Here is the modified code that evaluates multiple sentences using a list, loops through them, and includes error handling for the `math.exp()` function.

```python
import math
from openai import OpenAI

client = OpenAI()

models = ["gpt-4"]
# Replace the single sentence with a list of sentences to evaluate
sentences = [
    "The president addressed the nation on live television.",
    "The sun rises in the east and sets in the west.",
    "A computer is a machine that can be programmed.",
    "Unusual phrases often lead to high perplexity."
]

# Process each sentence for the specified model
for model in models:
    for sentence in sentences:
        print(f"Evaluating sentence fluency for '{model}': \"{sentence}\"")
        try:
            response = client.chat.completions.create(
                model=model,
                messages=[{"role": "user", "content": sentence}],
                max_tokens=1,
                logprobs=True,
                top_logprobs=5
            )

            # Use logprob of first generated token as approximation
            logprob = response.choices[0].logprobs.content[0].logprob

            # Add error handling for math.exp(-logprob) to catch OverflowError
            try:
                perplexity = math.exp(-logprob)
            except OverflowError:
                # Set perplexity to infinity if the logprob is too negative
                perplexity = float('inf')

            print(f"  Log Probability (1st token): {logprob:.4f}")
            print(f"  Approx. Perplexity: {perplexity:.2f}\n")
            
        except Exception as e:
            print(f"An error occurred while processing the sentence: {e}\n")
```

### Key Changes

  * **List of Sentences**: The `sentence` variable has been replaced with a list called `sentences`, containing several different examples.
  * **Nested Loop**: A new `for sentence in sentences:` loop has been added. This loop is nested inside the `for model in models:` loop, ensuring that each sentence is processed by each model in the list.
  * **Updated Print Statements**: The print statements have been modified to clearly indicate which model and sentence are currently being evaluated.
  * **OverflowError Handling**: A `try-except OverflowError` block is now wrapped around the `math.exp(-logprob)` calculation. This prevents the program from crashing if `logprob` is an extremely large negative number, which can happen with highly predictable tokens.

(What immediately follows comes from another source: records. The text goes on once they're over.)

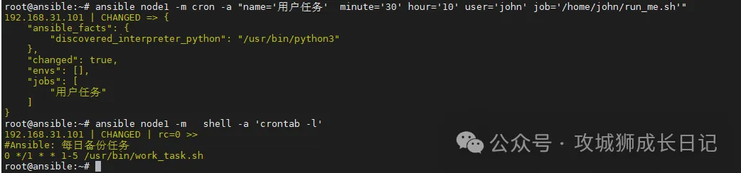 创建新的定时任务。修改现有任务。删除任务。通过cron模块,可以轻松实现对目标主机crontab的自动化管理,而无需手动登录服务器进行配置。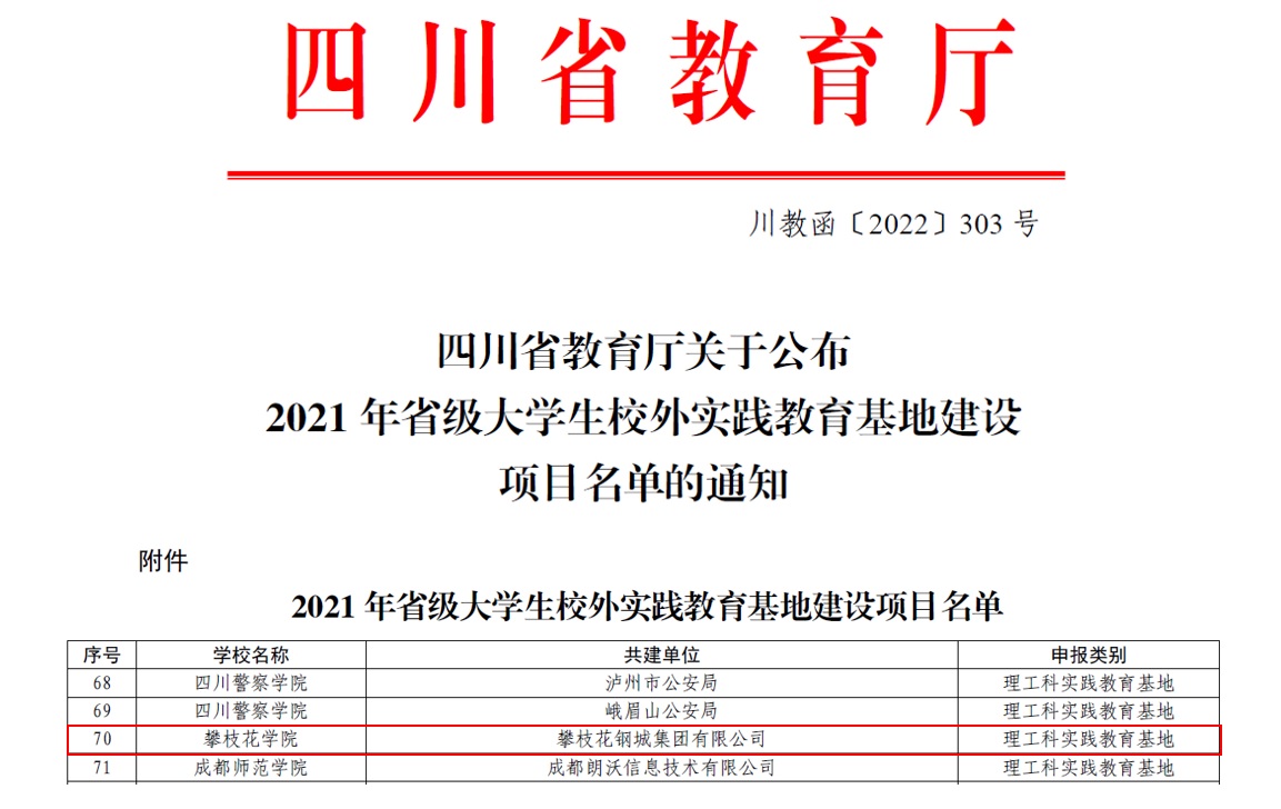 近日,四川省教育厅发布《关于公布2021年省级大学生校外实践教育基地建设项目名单的通知》,公布了2021年省级大学生校外实践教育基地建设项目名单。beat365与攀枝花钢城集团有限公司联合申报的理工科实践教育基地成功获批立项。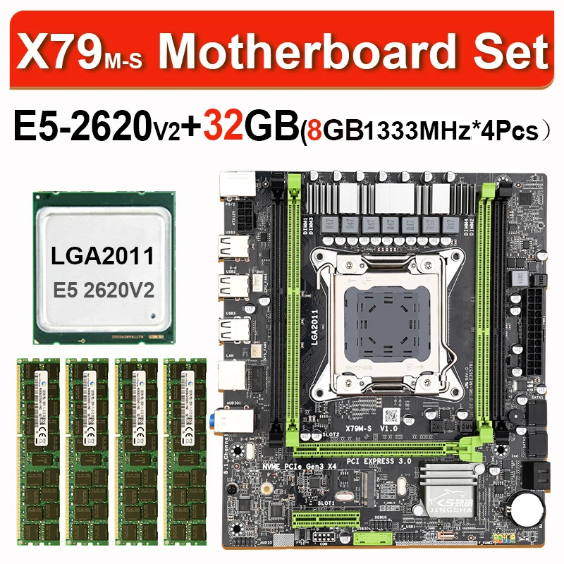 Комплект из материнской платы X79 M-S, процессор Xeon E5 2620 V2 4x8 ГБ 32 ГБ DDR3, ОЗУ с ECC, 1333 МГц, 10600 память SATA, USB 3,0 Мбитс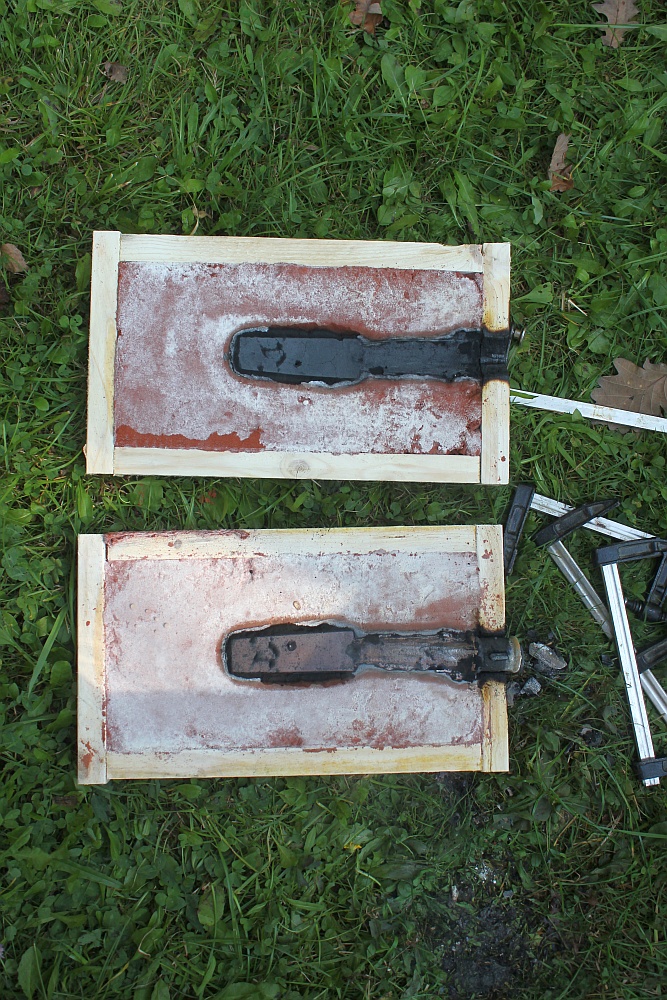 Wenn der Brenner mit dem Gebläse läuft, dann sieht es so aus. Dann gibt es noch selbstgebaute Formkästen , Formsand und eine lange Zange zum herausholen des Schmelztiegels aus der Esse. Bis auf die Gasflasche hab ich alles selbst gebaut-- eine 5kg Flasche reicht jetzt für 4-5 Güsse mit 500 g Bronze aus.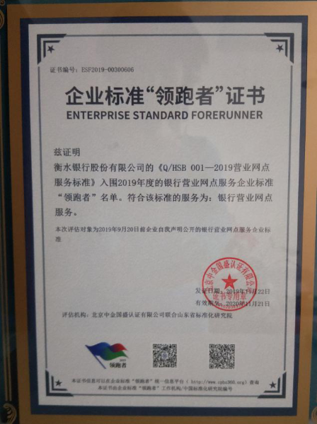 衡水銀行榮獲2019營業(yè)網(wǎng)點服務(wù)領(lǐng)域企業(yè)標(biāo)準(zhǔn) “領(lǐng)跑者”榮譽(yù)稱號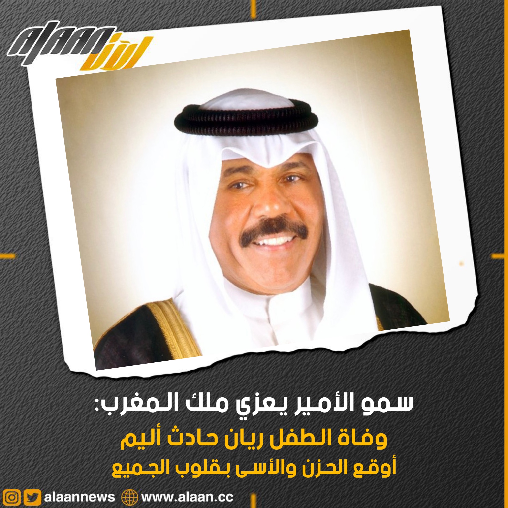 بعث حضرة صاحب السمو أمير البلاد الشيخ نواف الأحمد الجابر الصباح حفظه الله ورعاه ببرقية تعزية إلى أخيه صاحب الجلالة الملك محمد السادس ملك المملكة المغربية الشقيقة عبر فيها سموه حفظه الله عن خالص تعازيه وصادق مواساته لجلالته وللشعب المغربي الشقيق ولأسرة الطفل ريان خالد أورام الذي توفي إثر سقوطه في أحد الآبار بمدينة شفشاون في شمالي المغرب مشيرا سموه رعاه الله إلى أن هذا الحادث الأليم قد أوقع الحزن والأسى في قلوب الجميع سواء في المملكة المغربية الشقيقة أو خارجها سائلا سموه المولي تعالى أن يتغمده بواسع رحمته ويسكنه فسيح جناته وأن يلهم الجميع جميل الصبر وحسن العزاء.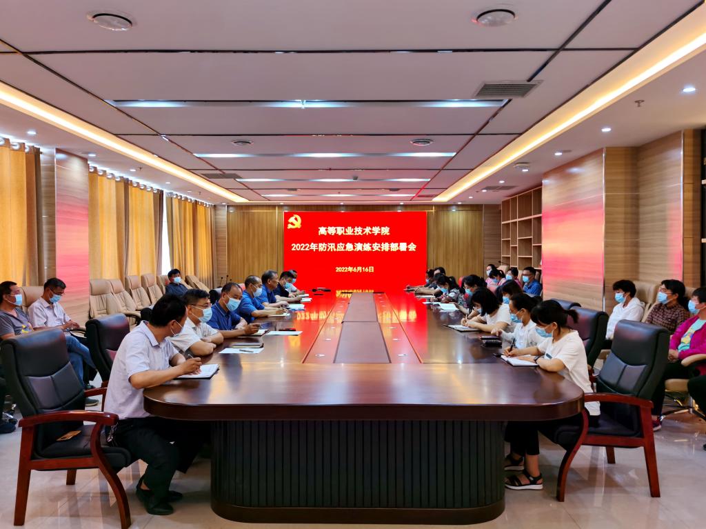 在综合楼十楼会议室举行了2022年防汛应急演练启动仪式。学院领导班子出席会议,所有正科级干部参会。院长乐玉忠传达了《高等职业技术学院2022年防汛抢险演练方案》,对今年的防汛工作进行了具体的安排部署,并指出,要提高思想认识,深刻吸取郑州“7.20”特大暴雨灾害追责问责案件教训,增强风险意识和底线思维,从严从实抓好防汛备汛各项工作;要压实工作责任,务必确保预案完善、落实到位,加强预警、提前避险,强化实战演练,把防汛工作责任和任务落到实处。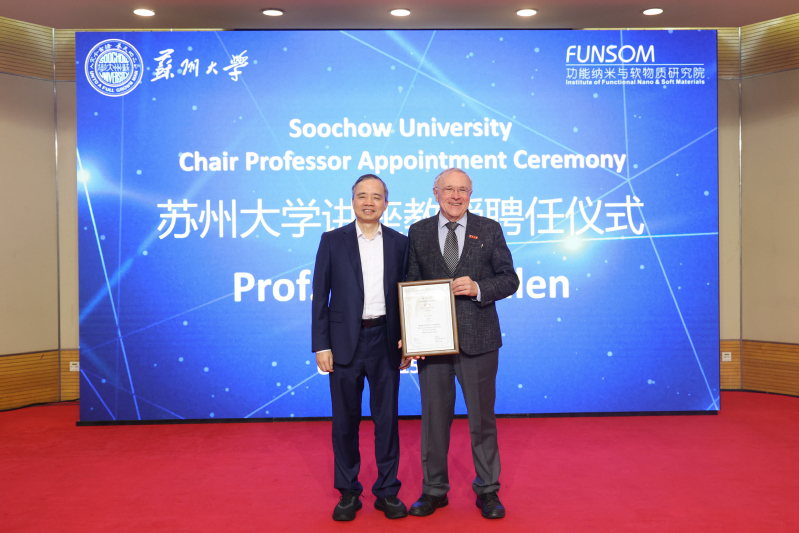 On the morning of October 15th, the appointment ceremony and academic seminar for Academician Klaus Müllen from the Max Planck Institute for Polymer Research as a chair professor was held in the Academic Report Hall of the Binglin Library at the Dushu Lake Campus. In attendance were Shen Mingrong, Deputy Party Secretary and Vice President of the university; Li Shutang, Academician of the Chinese Academy of Sciences and Director of our college; and Chi Lifeng, Academician of the Chinese Academy of Sciences and Advisory Director of our college.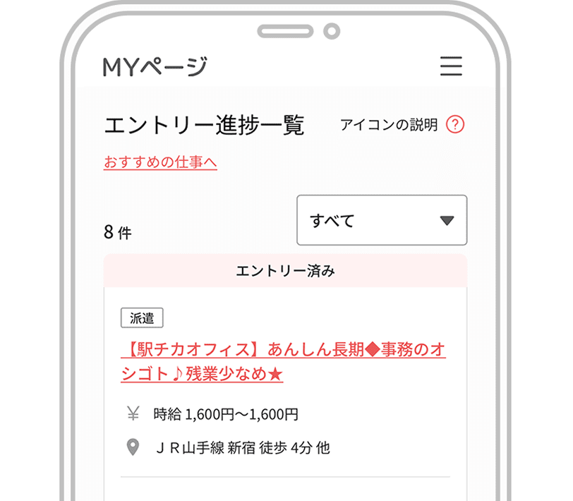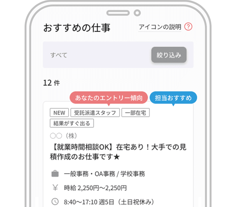 - おすすめの仕事・アイコンは条件に一致した場合のみ表示されます。

If an `OverflowError` occurs, the perplexity is set to `float('inf')` to represent an extremely high value. This helps in understanding that the model found the sentence highly predictable, but the value exceeded the float limit.
  * **General Exception Handling**: A broader `try-except` block has been added to catch any other potential API or data parsing errors, ensuring the script continues to run even if a request fails.